### Task statement:
In the listing below, print exactly the lines between the line holding "上周由于担心近日散户逼空事件" and the line holding "The multi-purpose space", inclusive, and no more.

:: Data to use

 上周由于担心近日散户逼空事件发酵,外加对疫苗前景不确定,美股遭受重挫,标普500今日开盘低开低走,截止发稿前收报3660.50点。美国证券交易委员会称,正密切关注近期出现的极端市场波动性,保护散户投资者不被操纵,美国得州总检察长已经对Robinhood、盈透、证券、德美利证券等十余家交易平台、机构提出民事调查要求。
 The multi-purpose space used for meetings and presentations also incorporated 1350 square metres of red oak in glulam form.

::::
:: Data to use

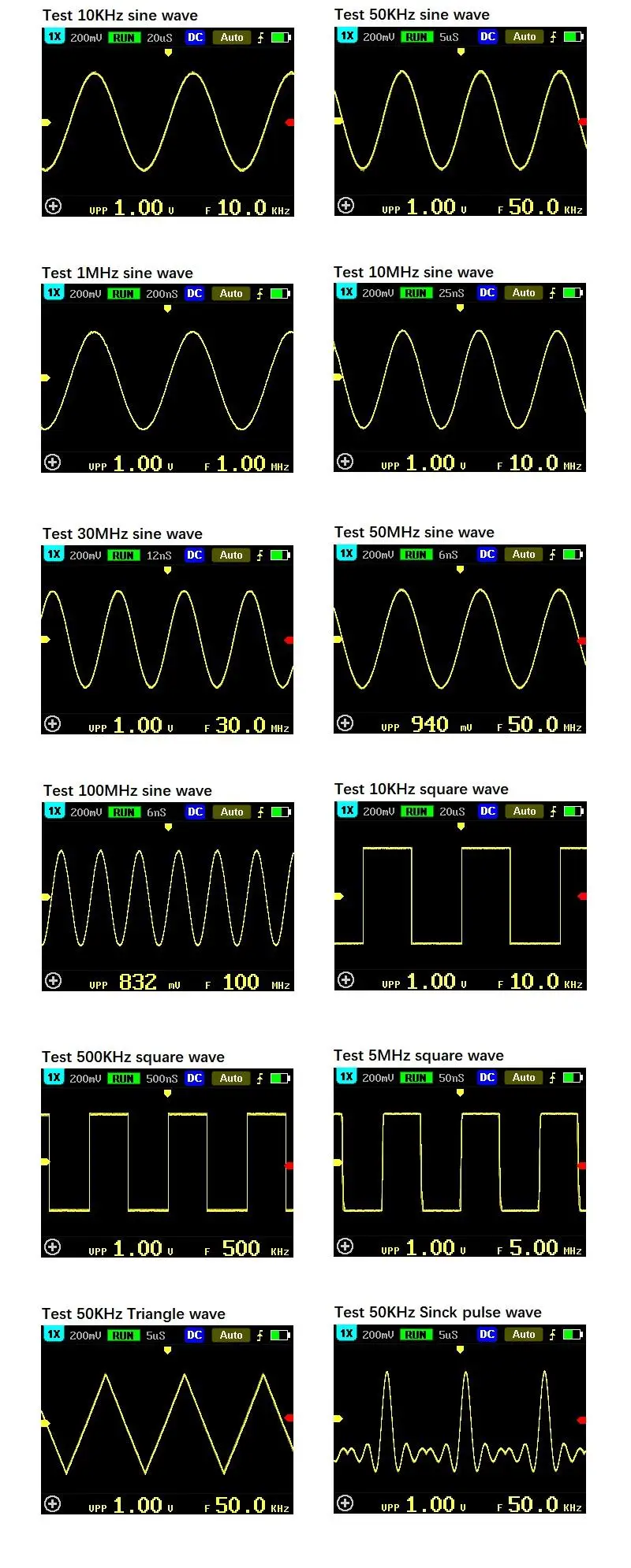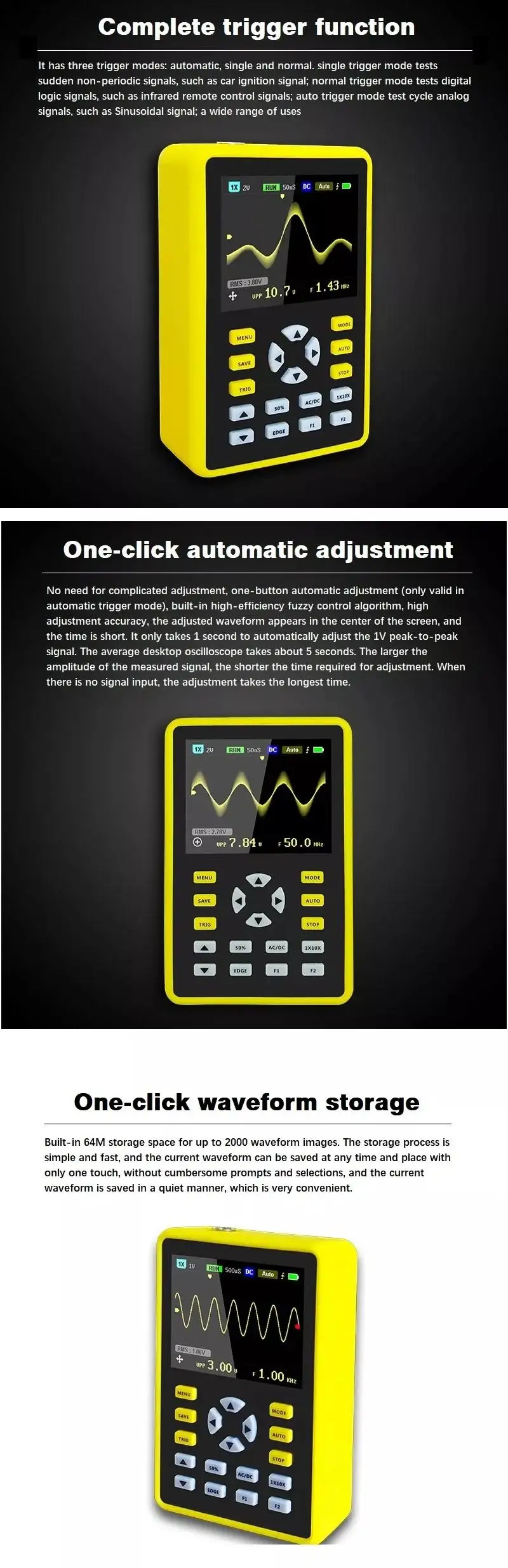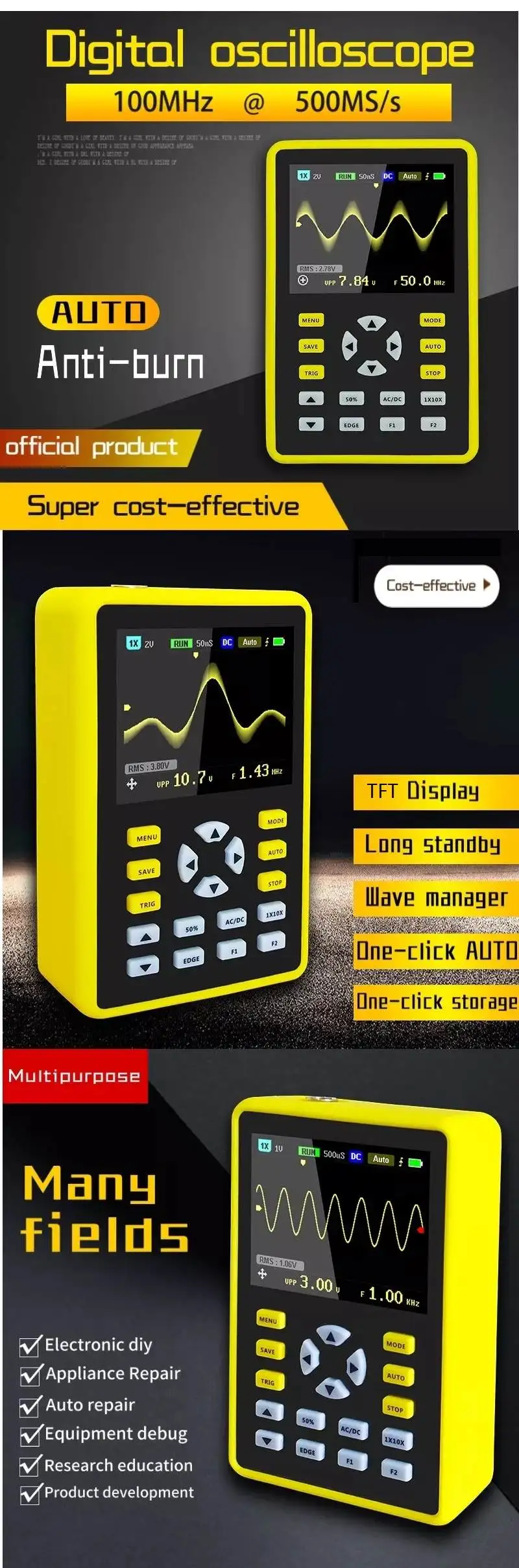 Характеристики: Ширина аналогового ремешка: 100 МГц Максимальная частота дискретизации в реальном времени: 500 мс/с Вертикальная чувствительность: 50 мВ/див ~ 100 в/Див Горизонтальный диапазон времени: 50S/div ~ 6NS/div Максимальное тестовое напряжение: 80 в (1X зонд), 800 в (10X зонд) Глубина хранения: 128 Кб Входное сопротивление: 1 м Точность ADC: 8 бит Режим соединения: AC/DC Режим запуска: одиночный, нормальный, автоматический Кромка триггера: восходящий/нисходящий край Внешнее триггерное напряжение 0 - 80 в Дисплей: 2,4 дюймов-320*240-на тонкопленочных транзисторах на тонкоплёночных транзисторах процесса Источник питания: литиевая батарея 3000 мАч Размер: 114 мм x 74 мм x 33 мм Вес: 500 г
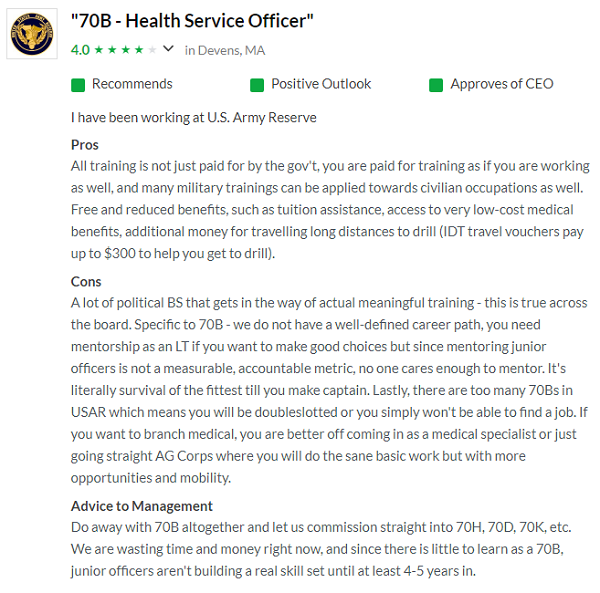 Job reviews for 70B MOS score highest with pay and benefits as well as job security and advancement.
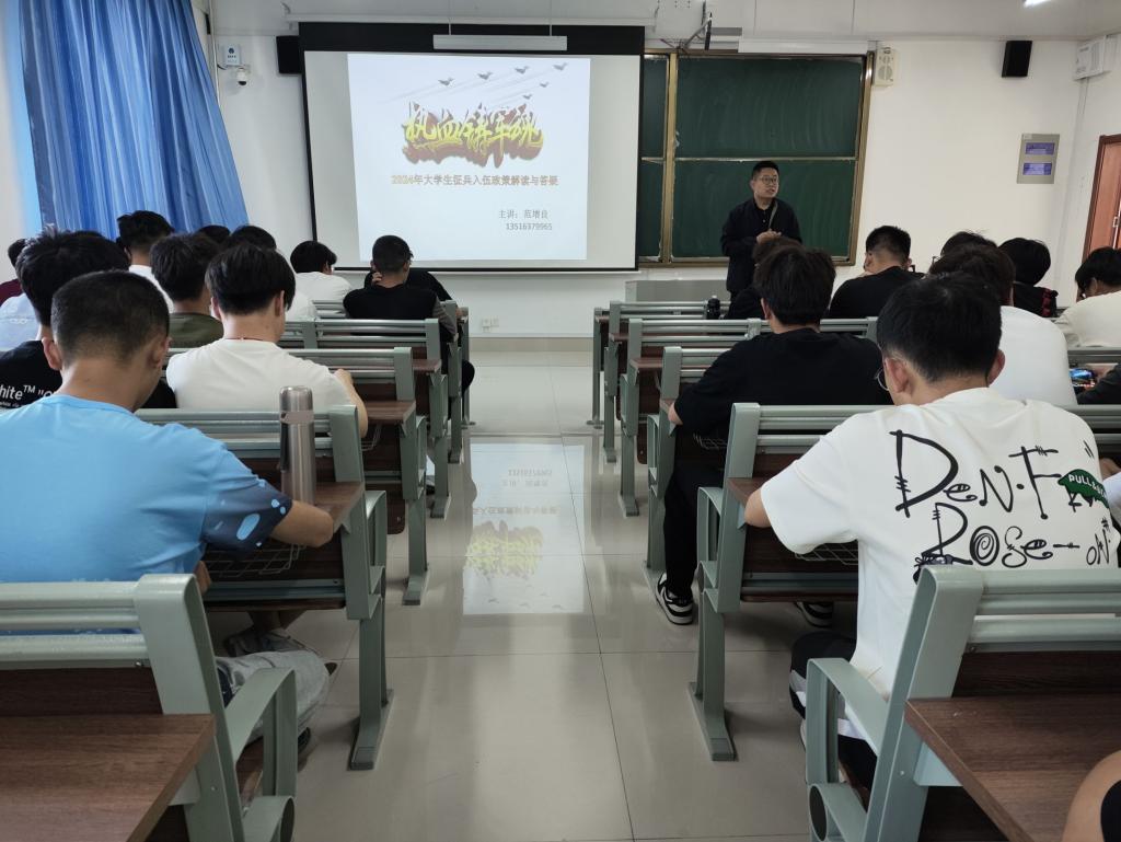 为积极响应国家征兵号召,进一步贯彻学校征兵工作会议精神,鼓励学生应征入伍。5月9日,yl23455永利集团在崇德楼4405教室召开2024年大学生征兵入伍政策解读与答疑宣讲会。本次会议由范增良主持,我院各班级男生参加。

::::
:: Data to use

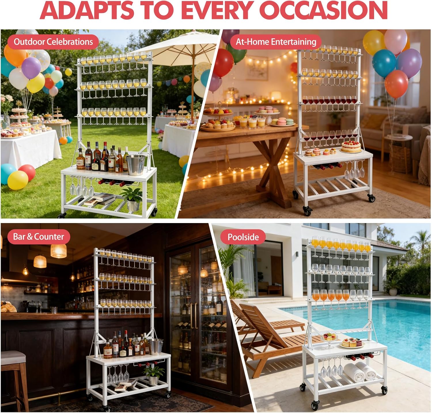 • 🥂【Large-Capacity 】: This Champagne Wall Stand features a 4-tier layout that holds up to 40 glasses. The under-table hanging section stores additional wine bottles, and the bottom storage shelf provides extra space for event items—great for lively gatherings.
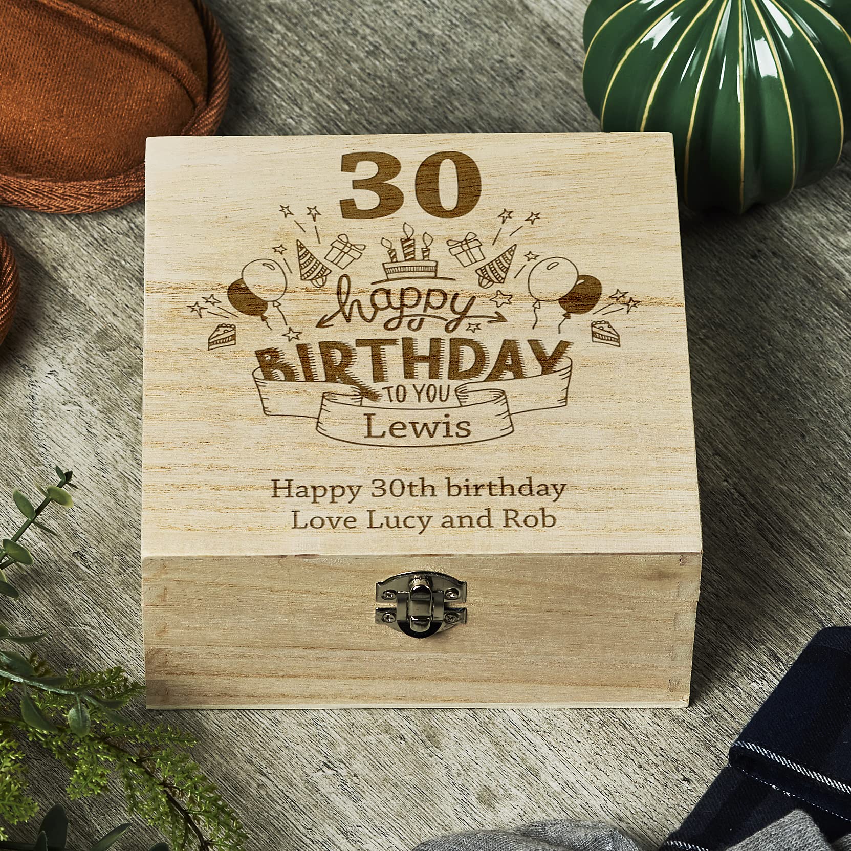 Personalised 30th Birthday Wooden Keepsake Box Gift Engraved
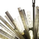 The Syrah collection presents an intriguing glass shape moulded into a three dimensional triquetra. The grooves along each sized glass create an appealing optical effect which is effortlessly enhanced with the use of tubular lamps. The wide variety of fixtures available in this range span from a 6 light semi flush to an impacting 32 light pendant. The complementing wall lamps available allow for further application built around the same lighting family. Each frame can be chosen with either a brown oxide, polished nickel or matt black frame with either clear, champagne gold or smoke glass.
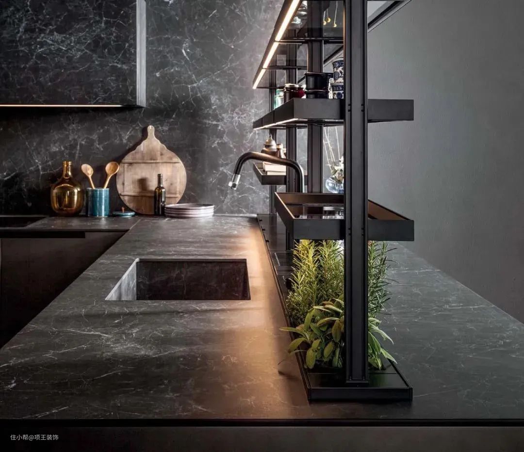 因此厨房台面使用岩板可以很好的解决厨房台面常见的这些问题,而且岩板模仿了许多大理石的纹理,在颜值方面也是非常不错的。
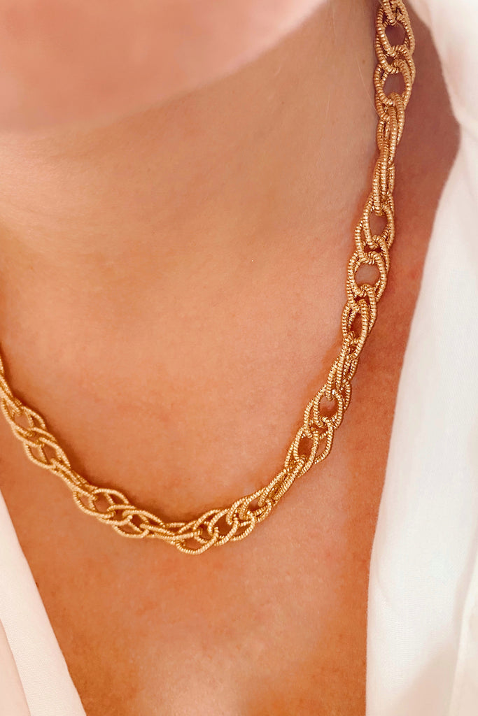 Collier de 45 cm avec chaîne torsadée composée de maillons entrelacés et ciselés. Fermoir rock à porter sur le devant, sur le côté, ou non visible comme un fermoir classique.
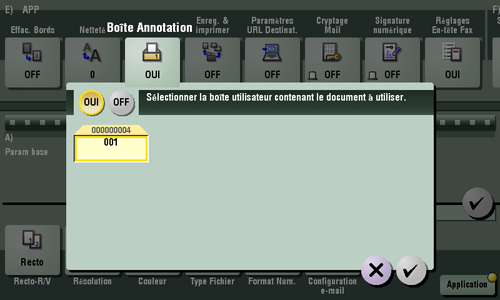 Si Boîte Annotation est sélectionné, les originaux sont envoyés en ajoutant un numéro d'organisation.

::::

### Result of the task:
 上周由于担心近日散户逼空事件发酵,外加对疫苗前景不确定,美股遭受重挫,标普500今日开盘低开低走,截止发稿前收报3660.50点。美国证券交易委员会称,正密切关注近期出现的极端市场波动性,保护散户投资者不被操纵,美国得州总检察长已经对Robinhood、盈透、证券、德美利证券等十余家交易平台、机构提出民事调查要求。
 The multi-purpose space used for meetings and presentations also incorporated 1350 square metres of red oak in glulam form.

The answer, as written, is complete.